Unnamed: 0,typeofaction_cash-in,typeofaction_transfer
0,1.0,0.0
1,1.0,0.0
2,1.0,0.0
3,1.0,0.0
4,1.0,0.0


In [7]:
# Drop the 'typeofaction' column from the original DataFrame
# YOUR CODE GOES HERE!

# Display sample data
# YOUR CODE GOES HERE!

Unnamed: 0,sourceid,destinationid,amountofmoney,year,month,day,dayofweek,isfraud
0,30105,28942,494528,2019,7,19,4,1
1,30105,8692,494528,2019,5,17,4,1
2,30105,60094,494528,2019,7,20,5,1
3,30105,20575,494528,2019,7,3,2,1
4,30105,45938,494528,2019,5,26,6,1


Using the encoded data from the `typeofaction` column, we will add to the original DataFrame a new column called `operationtype`. Where `1` will represent a cash-in operation, and `0` will describe a transfer.

In [8]:
# Add the encoded 'typeofaction' data to the original DataFrame
df["operationtype"] = encoded_df["typeofaction_cash-in"]

# Display sample data
df.head()

Unnamed: 0,sourceid,destinationid,amountofmoney,year,month,day,dayofweek,isfraud,operationtype
0,30105,28942,494528,2019,7,19,4,1,1.0
1,30105,8692,494528,2019,5,17,4,1,1.0
2,30105,60094,494528,2019,7,20,5,1,1.0
3,30105,20575,494528,2019,7,3,2,1,1.0
4,30105,45938,494528,2019,5,26,6,1,1.0


### Create the features and target sets

The features set will be all the columns from the original DataFrame except the `isfraud` column that constitutes the target set.

In [9]:
# Creating the features set X
# YOUR CODE GOES HERE!

# Display sample data
# YOUR CODE GOES HERE!

Unnamed: 0,sourceid,destinationid,amountofmoney,year,month,day,dayofweek,operationtype
0,30105,28942,494528,2019,7,19,4,1.0
1,30105,8692,494528,2019,5,17,4,1.0
2,30105,60094,494528,2019,7,20,5,1.0
3,30105,20575,494528,2019,7,3,2,1.0
4,30105,45938,494528,2019,5,26,6,1.0


In [10]:
# Creating the target set y
# YOUR CODE GOES HERE!

# Display sample data
# YOUR CODE GOES HERE!

0    1
1    1
2    1
3    1
4    1
Name: isfraud, dtype: int64

### Split the features and target sets into training and testing datasets

In [11]:
# Split the preprocessed data into a training and testing dataset
X_train, X_test, y_train, y_test = # YOUR CODE GOES HERE!

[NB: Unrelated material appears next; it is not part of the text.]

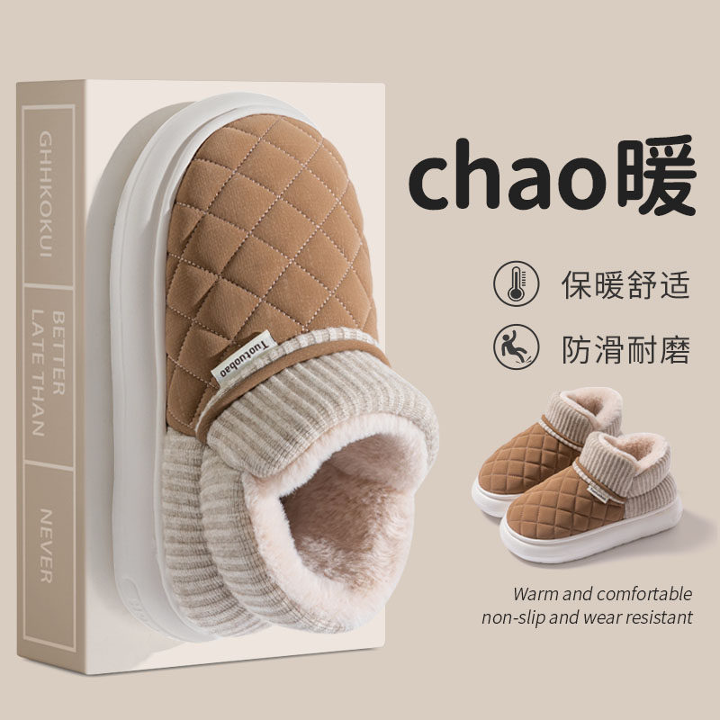 棉拖鞋男款男士棉鞋冬季包跟2025新款室内家居保暖厚底防滑毛加绒

### Use the Scikit-Learn’s `StandardScaler` to scale the features data

In [12]:
# Create a StandardScaler instance
scaler = StandardScaler()

# Fit the StandardScaler
X_scaler = scaler.fit(X_train)

# Scale the data
X_train_scaled = X_scaler.transform(X_train)
X_test_scaled = X_scaler.transform(X_test)

## Create a Machine Learning Model in SageMaker Studio

### Importing the required libraries

In [13]:
# Import Amazon SageMaker libraries and modules
import sagemaker
import sagemaker.amazon.common as smac
from sagemaker import get_execution_role
from sagemaker.predictor import csv_serializer, json_deserializer

# Import AWS Python SDK
import boto3

# Import support libraries
import io
import os
import json
import numpy as np

### Configure general settings for the SageMaker model

In [14]:
# Set the S3 bucket name
bucket = # YOUR CODE GOES HERE!

In [15]:
# Set a prefix for the data files
prefix = "money-laundering"

In [16]:
# Set the IAM execution role
role = get_execution_role()

### Upload the training and testing data to Amazon S3

#### Encode and upload the training data

In [17]:
# Encode the training data as Protocol Buffer
buf = io.BytesIO()
vectors = np.array(X_train).astype("float32")
labels = np.array(y_train).astype("float32")
smac.write_numpy_to_dense_tensor(buf, vectors, labels)
buf.seek(0)

# Upload encoded training data to Amazon S3
key = 'linear_train.data'
boto3.resource("s3").Bucket(bucket).Object(os.path.join(prefix, "train", key)).upload_fileobj(buf)
s3_train_data = "s3://{}/{}/train/{}".format(bucket, prefix, key)
print("Training data uploaded to: {}".format(s3_train_data))

Training data uploaded to: s3://fintech-bootcamp-activities-jams-2021-02-11/money-laundering/train/linear_train.data


#### Encode and upload the testing data

In [18]:
# Encode the testing data as Protocol Buffer
buf = io.BytesIO()
vectors = np.array(X_test).astype("float32")
labels = np.array(y_test).astype("float32")
smac.write_numpy_to_dense_tensor(buf, vectors, labels)
buf.seek(0)

# Upload encoded testing data to Amazon S3
key = "linear_test.data"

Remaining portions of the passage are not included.